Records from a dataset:
--------
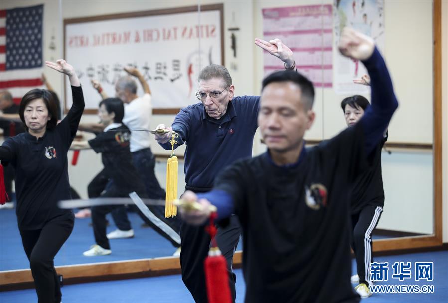 陳思坦在位于美國紐約長島的思坦太極武術(shù)中心指導(dǎo)學(xué)員練習(xí)太極劍(11月20日攝)。11月的紐約已進(jìn)入初冬,位于美國紐約長島的思坦太極武術(shù)中心依然一片紅火景象,學(xué)員們從5歲的孩童到80多歲的老人,操練著太極拳、太極劍、長拳等武術(shù)招式。這里的主人陳思坦、林旭夫婦,也從早忙到晚,精心指導(dǎo)每一位學(xué)員的一招一式。6歲習(xí)武,22歲成為中國全國冠軍,26歲獲得首個世界冠軍……直到30歲退役,陳思坦在運(yùn)動員生涯中曾獲得過32次國內(nèi)外各類武術(shù)大賽冠軍。36歲那年,懷著以太極拳和中國武術(shù)為媒介向世界推廣中國文化的夢想,陳思坦到美國紐約尋找新的舞臺。經(jīng)過十多年的艱苦打拼,陳思坦夫婦目前在紐約長島、法拉盛和曼哈頓都開設(shè)了長期的課程,思坦太極注冊在編的各個年齡段的學(xué)員近千人,有些“高徒”現(xiàn)在自己也開班授課,將太極推向更多地方。陳思坦夫婦現(xiàn)在思考更多的是如何將太極和武術(shù)推廣給更多的美國人,并讓他們理解其中蘊(yùn)含的平衡、和諧的中國文化理念。他們創(chuàng)辦了紐約太極健身氣功活動日,在各類學(xué)校和社區(qū)開設(shè)太極或者武術(shù)課程,并利用美國的亞太裔文化月和多元文化節(jié)舉行武術(shù)和太極表演和體驗課程,讓更多美國人親眼看到、親身體會中國武術(shù)的魅力。從2011年起,他們還參與創(chuàng)辦了紐約太極大賽,如今已舉行九屆,吸引了美國、加拿大和中國國內(nèi)的隊伍參賽,影響力逐漸擴(kuò)大。新華社記者王迎攝
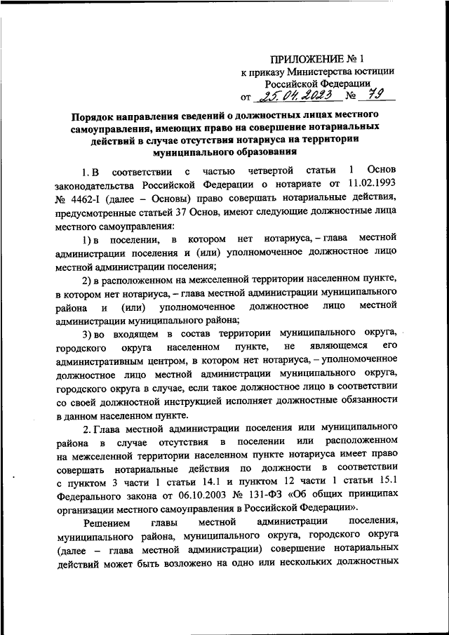 ПРИКАЗ Минюста РФ от 25.04.2023 N 79
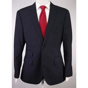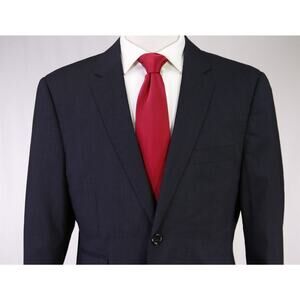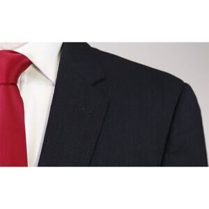 Indochino Black Blue Thin Striped 2-Btn Wool Slim Fit Suit 42S
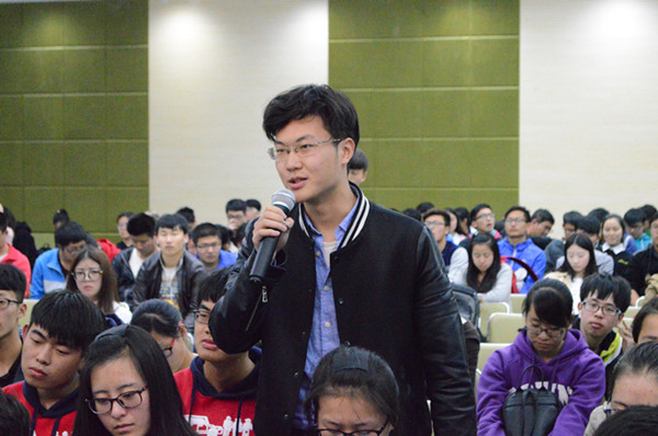 在互动环节,赵雨森教授耐心细致地回答了几位同学的现场提问。讲坛现场气氛热烈,同学们纷纷在微信墙上留言踊跃表达自己的感想和收获。2015级生命学院王国东同学说:“本期《东林师说》让我受益匪浅,赵教授深入阐述了坚持“三个自信”以及高举中国特色社会主义伟大旗帜的现实意义,让我更加深刻地了解了当代国情,并增强了作为一名当代大学生的使命感和责任感,我们一定迈好青春步伐,铸就无悔人生。”赵雨森教授旁征博引,深入浅出的报告透露着他丰富的阅历和渊博的学识,整场讲座充满了人生启迪。(乔恩杰、郭倩)
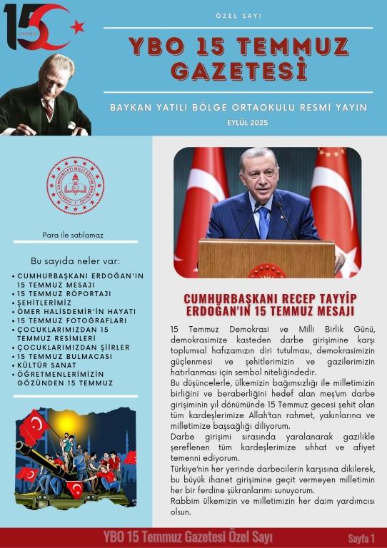 15 TEMMUZ DEMOKRASİ VE MİLLİ BİRLİK GÜNÜ
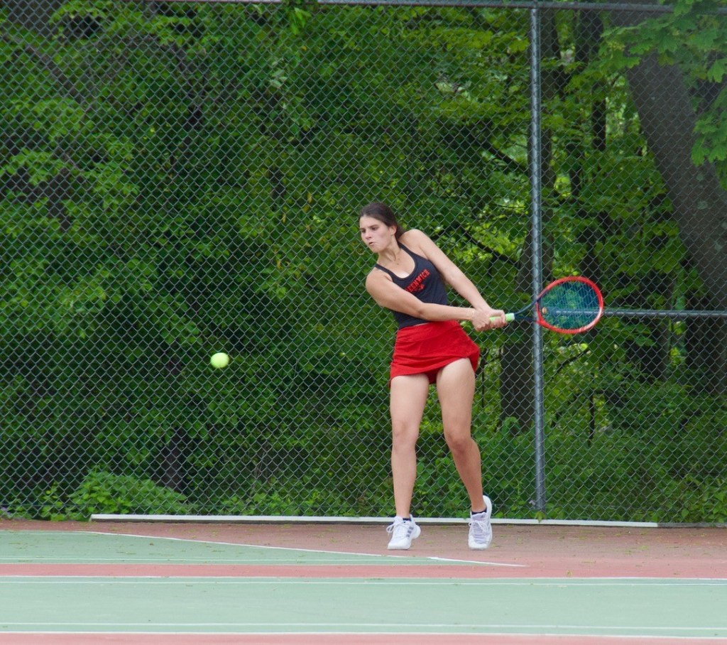 Ivanna Diez de Bonilla improved her record to 17-0 on season, registering a 6-1, 6-1 triumph over Westhill’s Sophia Alexander at the No. 2 singles spot.
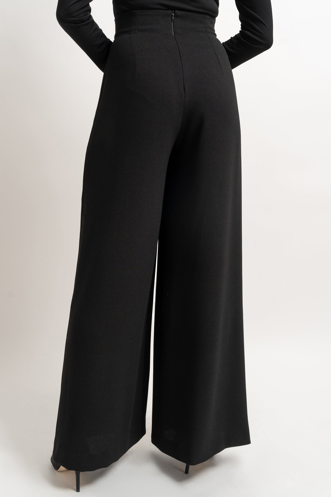 Wysoki stan, mocno dopasowany w talii, pięknie podkreśla kobiecą linię, modelując proporcje i wydłużając optycznie nogi. Zakładki z przodu dodają przestrzeni, a zamek z tyłu zachowuje czystość formy z przodu, dzięki czemu spodnie prezentują się niezwykle szlachetnie.
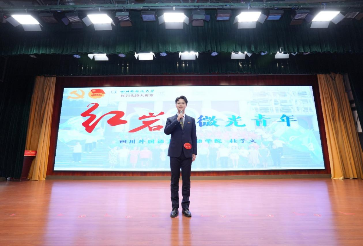 “红岩先锋·大讲堂”环节,桂子文以“红岩·微光青年”为题,展现了公司共青团以研究生支教团、”V小青”多语言志愿服务为载体,积极探索构建“语言+思政”的特色育人模式及“红岩先锋”变革型团组织川外实践成效,彰显了川外青年积极投身志愿服务,争当红岩先锋的向上风貌。
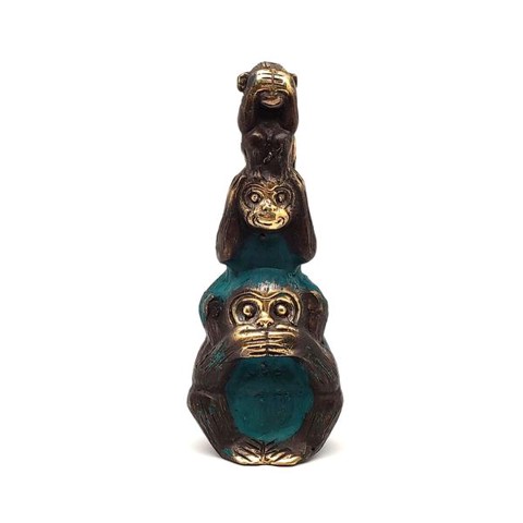 Réz figura Három bölcs majom arany-kék 10x4cm
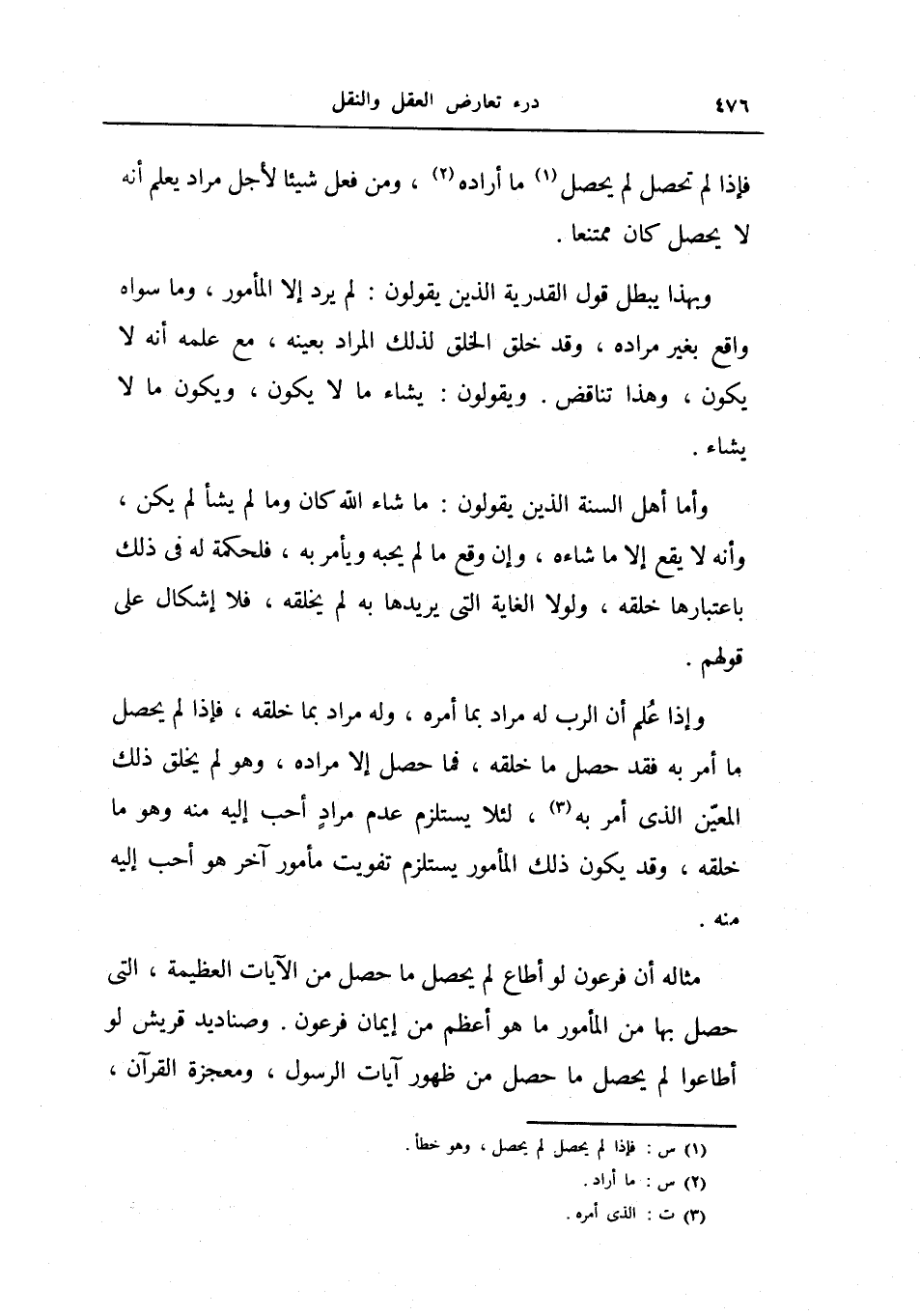 وإذا علم أن الرب له مراد بما أمره، وله مراد بما خلقه، فإذا لم يحصل ما أمر به فقد حصل ما خلقه، فما حصل إلا مراده، وهو لم يخلق ذلك المعين الذي أمر به، لئلا يستلزم عدم مراد أحب إليه منه وهو ما خلقه، وقد يكون ذلك المأمور يستلزم تفويت مأمور آخر هو أحب إليه منه.
--------
» **WORK INSTRUCTION**
Print the records above exactly as they stand, but leave out the pictures.

» **RESPONSE**
 陳思坦在位于美國紐約長島的思坦太極武術(shù)中心指導(dǎo)學(xué)員練習(xí)太極劍(11月20日攝)。11月的紐約已進(jìn)入初冬,位于美國紐約長島的思坦太極武術(shù)中心依然一片紅火景象,學(xué)員們從5歲的孩童到80多歲的老人,操練著太極拳、太極劍、長拳等武術(shù)招式。這里的主人陳思坦、林旭夫婦,也從早忙到晚,精心指導(dǎo)每一位學(xué)員的一招一式。6歲習(xí)武,22歲成為中國全國冠軍,26歲獲得首個世界冠軍……直到30歲退役,陳思坦在運(yùn)動員生涯中曾獲得過32次國內(nèi)外各類武術(shù)大賽冠軍。36歲那年,懷著以太極拳和中國武術(shù)為媒介向世界推廣中國文化的夢想,陳思坦到美國紐約尋找新的舞臺。經(jīng)過十多年的艱苦打拼,陳思坦夫婦目前在紐約長島、法拉盛和曼哈頓都開設(shè)了長期的課程,思坦太極注冊在編的各個年齡段的學(xué)員近千人,有些“高徒”現(xiàn)在自己也開班授課,將太極推向更多地方。陳思坦夫婦現(xiàn)在思考更多的是如何將太極和武術(shù)推廣給更多的美國人,并讓他們理解其中蘊(yùn)含的平衡、和諧的中國文化理念。他們創(chuàng)辦了紐約太極健身氣功活動日,在各類學(xué)校和社區(qū)開設(shè)太極或者武術(shù)課程,并利用美國的亞太裔文化月和多元文化節(jié)舉行武術(shù)和太極表演和體驗課程,讓更多美國人親眼看到、親身體會中國武術(shù)的魅力。從2011年起,他們還參與創(chuàng)辦了紐約太極大賽,如今已舉行九屆,吸引了美國、加拿大和中國國內(nèi)的隊伍參賽,影響力逐漸擴(kuò)大。新華社記者王迎攝
 ПРИКАЗ Минюста РФ от 25.04.2023 N 79
 Indochino Black Blue Thin Striped 2-Btn Wool Slim Fit Suit 42S
 在互动环节,赵雨森教授耐心细致地回答了几位同学的现场提问。讲坛现场气氛热烈,同学们纷纷在微信墙上留言踊跃表达自己的感想和收获。2015级生命学院王国东同学说:“本期《东林师说》让我受益匪浅,赵教授深入阐述了坚持“三个自信”以及高举中国特色社会主义伟大旗帜的现实意义,让我更加深刻地了解了当代国情,并增强了作为一名当代大学生的使命感和责任感,我们一定迈好青春步伐,铸就无悔人生。”赵雨森教授旁征博引,深入浅出的报告透露着他丰富的阅历和渊博的学识,整场讲座充满了人生启迪。(乔恩杰、郭倩)
 15 TEMMUZ DEMOKRASİ VE MİLLİ BİRLİK GÜNÜ
 Ivanna Diez de Bonilla improved her record to 17-0 on season, registering a 6-1, 6-1 triumph over Westhill’s Sophia Alexander at the No. 2 singles spot.
 Wysoki stan, mocno dopasowany w talii, pięknie podkreśla kobiecą linię, modelując proporcje i wydłużając optycznie nogi. Zakładki z przodu dodają przestrzeni, a zamek z tyłu zachowuje czystość formy z przodu, dzięki czemu spodnie prezentują się niezwykle szlachetnie.
 “红岩先锋·大讲堂”环节,桂子文以“红岩·微光青年”为题,展现了公司共青团以研究生支教团、”V小青”多语言志愿服务为载体,积极探索构建“语言+思政”的特色育人模式及“红岩先锋”变革型团组织川外实践成效,彰显了川外青年积极投身志愿服务,争当红岩先锋的向上风貌。
 Réz figura Három bölcs majom arany-kék 10x4cm
 وإذا علم أن الرب له مراد بما أمره، وله مراد بما خلقه، فإذا لم يحصل ما أمر به فقد حصل ما خلقه، فما حصل إلا مراده، وهو لم يخلق ذلك المعين الذي أمر به، لئلا يستلزم عدم مراد أحب إليه منه وهو ما خلقه، وقد يكون ذلك المأمور يستلزم تفويت مأمور آخر هو أحب إليه منه.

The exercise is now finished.